Unnamed: 0,description,title,job
0,"b""<div><div>Job Requirements:</div><ul><li><p>...",Data scientistÂ,Data Scientist
1,b'<div>Job Description<br/>\n<br/>\n<p>As a Da...,Data Scientist I,Data Scientist
2,b'<div><p>As a Data Scientist you will be work...,Data Scientist - Entry Level,Data Scientist
3,"b'<div class=""jobsearch-JobMetadataHeader icl-...",Data Scientist,Data Scientist
4,b'<ul><li>Location: USA \xe2\x80\x93 multiple ...,Data Scientist,Data Scientist


In [3]:
# Given that description values have HTML, investigate the description column in countvec_df

countvec_df = countvec_df.dropna()  # dropped 1 description, 1 title
countvec_df.isna().sum()

description    0
title          0
job            0
dtype: int64

In [4]:
# Clean HTML out of description values
from bs4 import BeautifulSoup


def clean_html_with_bs4(string):
    soup = BeautifulSoup(string)
    string = soup.get_text()
    return string


countvec_df.description = countvec_df.description.apply(clean_html_with_bs4)

In [5]:
# Clean out newlines from description values

for description in countvec_df.description[:3]:
    print('\\n' in description)


def remove_newlines(s):
    if '\\n' in s:
        s = ' '.join(s.split('\\n'))
        remove_newlines(s)
    return s


countvec_df.description = countvec_df.description.apply(remove_newlines)

True
True
True


In [6]:
# Check countvec_df descriptions

countvec_df.head()

Unnamed: 0,description,title,job
0,"b""Job Requirements: Conceptual understanding i...",Data scientistÂ,Data Scientist
1,"b'Job Description As a Data Scientist 1, you ...",Data Scientist I,Data Scientist
2,b'As a Data Scientist you will be working on c...,Data Scientist - Entry Level,Data Scientist
3,"b'$4,969 - $6,756 a monthContractUnder the gen...",Data Scientist,Data Scientist
4,b'Location: USA \xe2\x80\x93 multiple location...,Data Scientist,Data Scientist


In [7]:
# Widen description column

pd.set_option('display.max_colwidth', 200)
countvec_df.head()

Unnamed: 0,description,title,job
0,"b""Job Requirements: Conceptual understanding in Machine Learning models like Nai\xc2\xa8ve Bayes, K-Means, SVM, Apriori, Linear/ Logistic Regression, Neural, Random Forests, Decision Trees, K-NN a...",Data scientistÂ,Data Scientist
1,"b'Job Description As a Data Scientist 1, you will help us build machine learning models, data pipelines, and micro-services to help our clients navigate their healthcare journey.
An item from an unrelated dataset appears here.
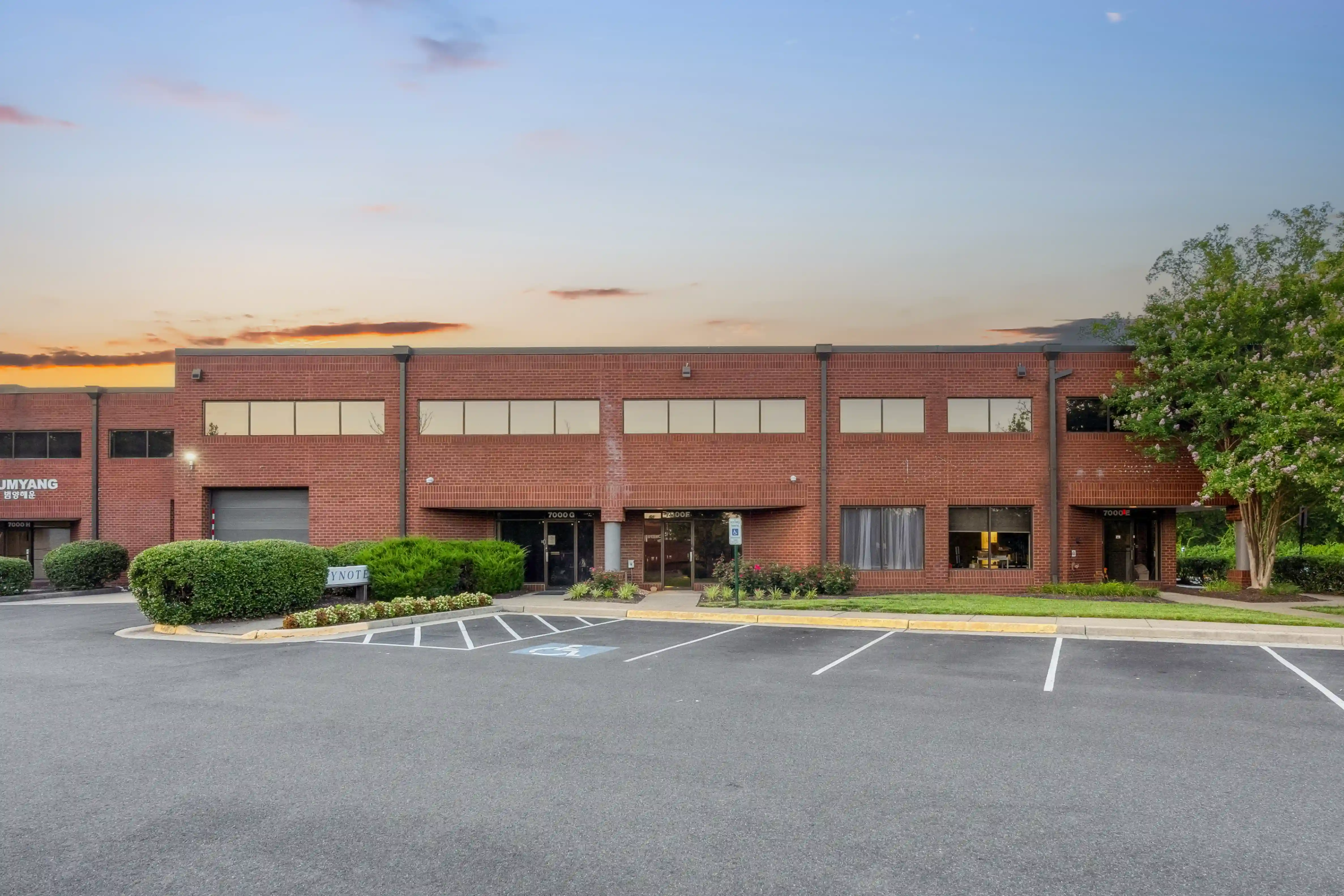 Gunston Industrial Park offers more than 245,000 square feet of commercial real estate across five buildings at 7000 Newington Road in Lorton. The park provides high-bay industrial and warehouse space with flexible suites ranging from 1,800 to 92,000 square feet, 18- to 20-foot ceiling heights, and varying drive-in and dock-high loading configurations. Strategically positioned near I-95, I-495, Route 1, the Fairfax County Parkway, and the Springfield Metro station, with proximity to Reagan National Airport, the Pentagon, Fort Belvoir, and downtown Washington DC. We produced ground photography at daytime and twilight with exterior detail shots and raw ground video footage for Link Parks' in-house production team.
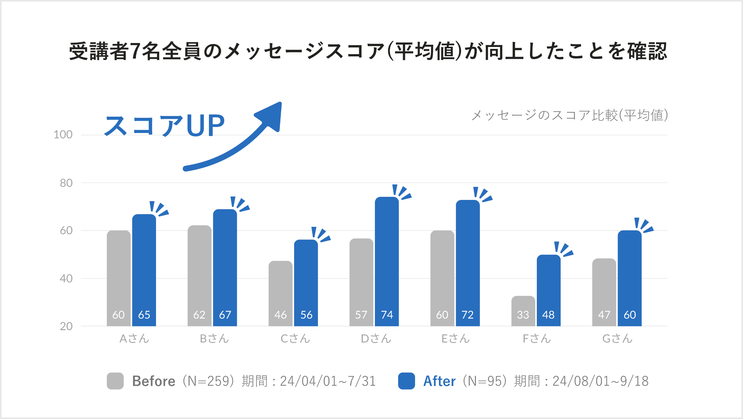 効果検証結果①:メッセージの質を評価するスコア(メッセージスコア)に関する学習前後の比較結果

You will do so b...",Data Scientist I,Data Scientist
2,"b'As a Data Scientist you will be working on consulting side of our business. You will be responsible for analyzing large, complex datasets and identify meaningful patterns that lead to actionable...",Data Scientist - Entry Level,Data Scientist
3,"b'$4,969 - $6,756 a monthContractUnder the general supervision of Professors Dana Mukamel and Kai Zheng, the incumbent will join the CalMHSA Mental Health Tech Suite Innovation (INN) Evaluation Te...",Data Scientist,Data Scientist
4,"b'Location: USA \xe2\x80\x93 multiple locations 2+ years of Analytics experience Understand business requirements and technical requirements Can handle data extraction, preparation and transformat...",Data Scientist,Data Scientist


In [8]:
# Look at job column values

countvec_df.job.value_counts()

Data Scientist    250
Data Analyst      249
Name: job, dtype: int64

In [9]:
# Categorical encoding of job values

countvec_df['label_num'] = countvec_df.job.map({'Data Scientist': 0, 'Data Analyst': 1})
countvec_df.head()

Unnamed: 0,description,title,job,label_num
0,"b""Job Requirements: Conceptual understanding in Machine Learning models like Nai\xc2\xa8ve Bayes, K-Means, SVM, Apriori, Linear/ Logistic Regression, Neural, Random Forests, Decision Trees, K-NN a...",Data scientistÂ,Data Scientist,0
1,"b'Job Description As a Data Scientist 1, you will help us build machine learning models, data pipelines, and micro-services to help our clients navigate their healthcare journey. You will do so b...",Data Scientist I,Data Scientist,0
2,"b'As a Data Scientist you will be working on consulting side of our business. You will be responsible for analyzing large, complex datasets and identify meaningful patterns that lead to actionable...",Data Scientist - Entry Level,Data Scientist,0
3,"b'$4,969 - $6,756 a monthContractUnder the general supervision of Professors Dana Mukamel and Kai Zheng, the incumbent will join the CalMHSA Mental Health Tech Suite Innovation (INN) Evaluation Te...",Data Scientist,Data Scientist,0
4,"b'Location: USA \xe2\x80\x93 multiple locations 2+ years of Analytics experience Understand business requirements and technical requirements Can handle data extraction, preparation and transformat...",Data Scientist,Data Scientist,0


In [10]:
# Train-test split model validation

X = countvec_df.description
y = countvec_df.label_num

X_train, X_test, y_train, y_test = train_test_split(X, y, test_size=0.2, random_state=42)

In [11]:
# Check shape of 4 pandas Series objects

X_train.shape, X_test.shape, y_train.shape, y_test.shape

((399,), (100,), (399,), (100,))

In [12]:
# Run vectorizer to get bigrams, and look at tokenization of vocabulary

vectorizer = CountVectorizer(max_features=None, ngram_range=(1,2), stop_words='english')
vectorizer.fit(X_train)
print(vectorizer.vocabulary_)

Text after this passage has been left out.